Question: My 65-year-old dad was warded for pneumonia recently. He was discharged after three days but still has chest pains when he coughs and sometimes even when he breathes. Does it mean that he has not fully recovered from the illness?
Answer: It can take up to three weeks or even longer to completely recover from pneumonia, a condition that can be associated with cough, phlegm, fever and shortness of breath. When someone has a prolonged cough or even a cough for a short period of time, he or she can develop chest pain or aches. This is due to the vigorous movements of the muscles and the ribs caused by coughing. Such pain is not life-threatening and is self-limiting and will go away when coughing stops. However, if the pain persists despite the complete resolution of pneumonia or cough, medical attention should be sought.
Dr Akash VermaSenior ConsultantDepartment of Respiratory and Critical Care MedicineTan Tock Seng Hospital
Question: When I get agitated, my chest ‘tightens’. This usually lasts for about a minute and hurts sometimes. The tightness in my chest and chest pain go away after I stop what I’m doing and take a rest by sitting down. Does anger cause chest pain, and is it a sign of a more serious health problem? I’m a 56-year-old man with no history of heart disease.
Our thoughts and feelings are connected through the heart. As our body is a complex bio-feedback system, anger, fear and panic are classic causes for chest pain. Hence, the body will react in adverse physical ways when there is intense anger, and chest pain will go away naturally if you are rested.

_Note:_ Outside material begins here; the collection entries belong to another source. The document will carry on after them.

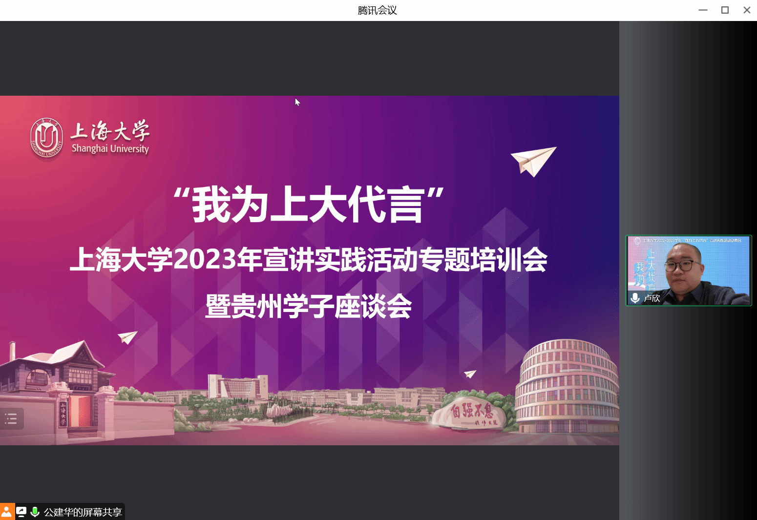 之后,公建华老师就贵州学子在上大的整体情况及365(VIP)英国上市在上海的招生政策及注意事项进行了介绍。毕业于贵阳市第一中学的许润根同学围绕宣讲技巧、前期准备工作和实践报告的撰写等进行了交流。与会贵州学子也就宣讲实践的意义、宣讲实践的注意事项等进行了热烈的讨论。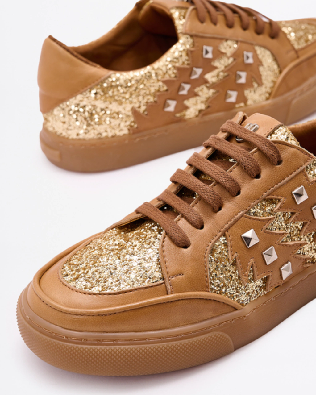 El glitter dorado se combina con cuero en tono suela y detalles de tachas piramidales que le dan un toque único.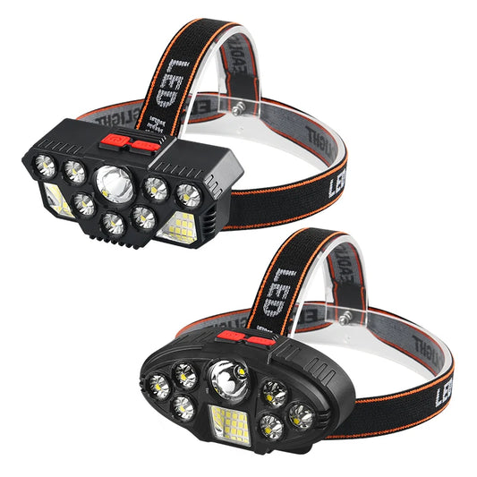 2*led+4*XPE+2*COB Headlamp 8 Lighting Modes Headlight by 18650 Battery LED Flashlight Hunting USB Rechargeable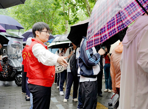 7日清晨,因雨水天氣,在社區(qū)的統(tǒng)一安排下,志愿者們迅速在學(xué)校門口搭建了應(yīng)急愛(ài)心助力志愿服務(wù)點(diǎn),為考生和等待的家長(zhǎng)們提供遮風(fēng)擋雨的地方,同時(shí)為考試和家長(zhǎng)提供礦泉水、應(yīng)急文具、休息板凳等。待考生進(jìn)入考場(chǎng)后,志愿者主動(dòng)邀請(qǐng)家長(zhǎng)進(jìn)入帳篷下避雨,與家長(zhǎng)們聊及高考注意事項(xiàng),緩解家長(zhǎng)的焦慮心情。過(guò)程中,志愿者們積極協(xié)助太乙路辦事處維持考場(chǎng)外紀(jì)律秩序,文明引導(dǎo)行人和車輛停放秩序,全力保障考點(diǎn)周邊環(huán)境。考試結(jié)束,志愿者們?yōu)槲磾y帶手機(jī)的考生提供電話服務(wù),幫助及時(shí)聯(lián)系家長(zhǎng),節(jié)約考生時(shí)間,做好充足午休,為下一場(chǎng)考試做好充分準(zhǔn)備。青年志愿者們高度的責(zé)任感和熱情的服務(wù)態(tài)度,成為西安市鐵一中考場(chǎng)外一道亮麗的風(fēng)景線。
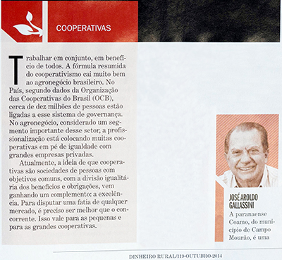 Iniciando a celebração dos dez anos da revista Dinheiro Rural, a Editora Três publica a edição nº 119 (Outubro/2014), apontando as 100 personalidades mais influentes do agronegócio brasileiro. Entre estas está o engenheiro agrônomo José Aroldo Gallassini, presidente da Coamo, destacado no segmento Cooperativas, que traz também Márcio Lopes de Freitas, presidente da Organização das Cooperativas Brasileiras (OCB).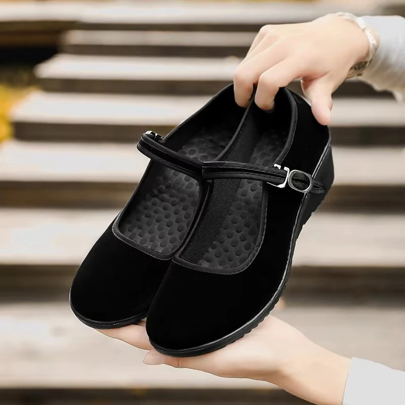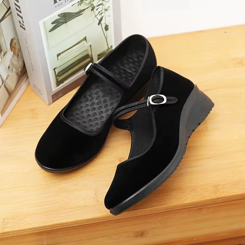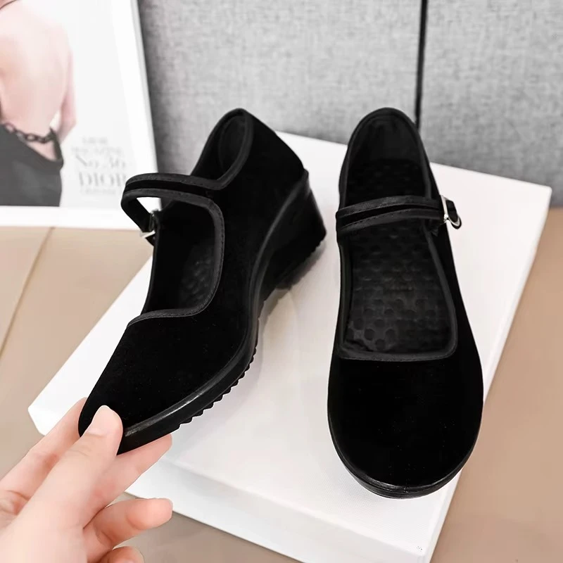 The shoes feature a timeless round toe for a comfortable, roomy fit, complemented by a chic V-shaped side design that adds sophistication and elegance to any outfit.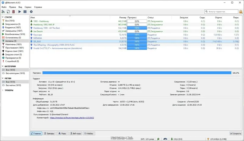 - Поддержка всех популярных протоколов и расширений BitTorrent

It is important to note that for people who are not at high risk for heart disease (due to smoking or high blood pressure), the overall risk of heart attack and other heart conditions associated with angry outbursts is relatively small. However, if you have not had any health check recently, you are advised to consult a doctor who will be able to assess your overall cardiovascular risk and advise you appropriately.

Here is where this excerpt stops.